Jain Ekta, Diaz Jorge A, Goksel Mustafa, Basu Arnab, Magi-Galluzzi Cristina
Department of Pathology, The University of Alabama at Birmingham, Alabama, USA.
Department of Hematology and Oncology, Clearview Cancer Institute, Huntsville, Alabama, USA.

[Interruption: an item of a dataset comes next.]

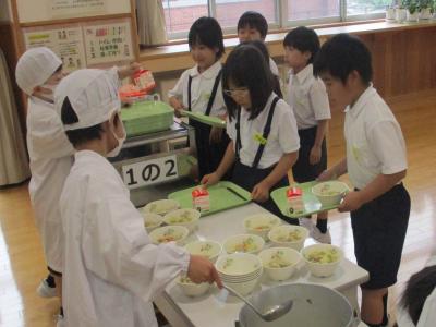 9月5日(金)の給食は白山めぐみん給食でした。めぐみん給食は、その旬の食材を使った献立が登場します。献立は、「キーマカレー・白山なしのフルーツポンチ・牛乳」でした。どの学年も命に感謝し、とても美味しそうに食べていました。これからも、いただいている命、そして作ってくださってい調理員の皆さんに感謝して、食べていきましょう!

Pathologica. 2025 Jun;117(3):249-257. doi: 10.32074/1591-951X-N998. Epub 2025 Jun 6.
Therapeutic landscape of metastatic renal cell carcinoma (mRCC) has transformed over the last 2 decades, particularly with the advent of immune checkpoint inhibitors (ICI). While ICI offer therapeutic benefits, they can also provoke immune-related adverse events (iRAEs). Vasculitis as a clinical iRAE from ICI is rare in association with RCC treatment.

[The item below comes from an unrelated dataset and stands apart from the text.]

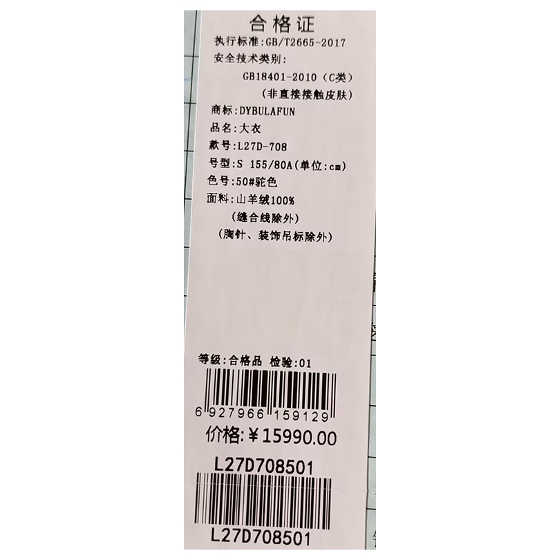 戴布拉芬呢大衣L27D708

This study included patients treated at our institution with ICI for mRCC (2019-2024). We collected clinicopathologic data and type and duration of immunotherapy. Histologic sections of tumors were re-reviewed by two pathologists to determine pathologic response and features of ICI-related renal injuries.

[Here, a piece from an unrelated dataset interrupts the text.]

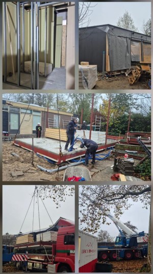 Een secuur werkje! Maar het ging snel en voorspoedig. Op vrijdag 14- en zaterdag 15 november zijn ze druk bezig geweest met de vloer, het dak en de zijwanden. En dan ineens zie je hoe groot dit gebouw eigenlijk is. Een grote nieuwe groepsruimte met 2 slaapkamers, berging, verschoonruimte en een keuken. We moesten nog wel even een oplossing zoeken voor de deur naar de centrale entree. Want die zat ‘ineens’ heel ergens anders dan de bedoeling was. Maar, met een beetje stress en puzzelen zijn we daar ook uitgekomen! Het vraagt nu vooral nog veel afwerking!

We identified 8 patients (median age 61.5 years) of which six (75%) presented with metastases at multiple sites, while two had recurrent oligometastatic disease post-partial nephrectomy. All patients were treated with ICI for a duration ranging from 6 to 20 months; 7 patients received combination therapy (CT) [iplimumab & nivolumab (n = 3), pembrolizumab & lenvatinib (n = 2), nivolumab & carbozantinib (n = 1), pembrolizumab & axitinib (n = 1)], while one received monotherapy (MT) (pembrolizumab). Patients were poor surgical candidates at diagnosis (25% Stage 3, 75% stage 4). Six (75%) patients had clear cell RCC (CCRCC), 2 patients had RCC with papillary and eosinophilic features. Tumor necrosis was noted in 75% of cases. Partial tumor response occurred in 7 (87.5%) patients, with 3 (37.5%) achieving tumor downstaging. One patient showed stable primary disease despite resolution of metastatic burden and none of the patients achieved complete response. Three patients (37.5%) had histopathological confirmed renal iRAEs. Two (25%) patients displayed vascular lymphocytic infiltrates, consistent with medium vessels vasculitis; they received CT for 6 months. One patient, who received CT for 20 months, showed a non-necrotizing granuloma.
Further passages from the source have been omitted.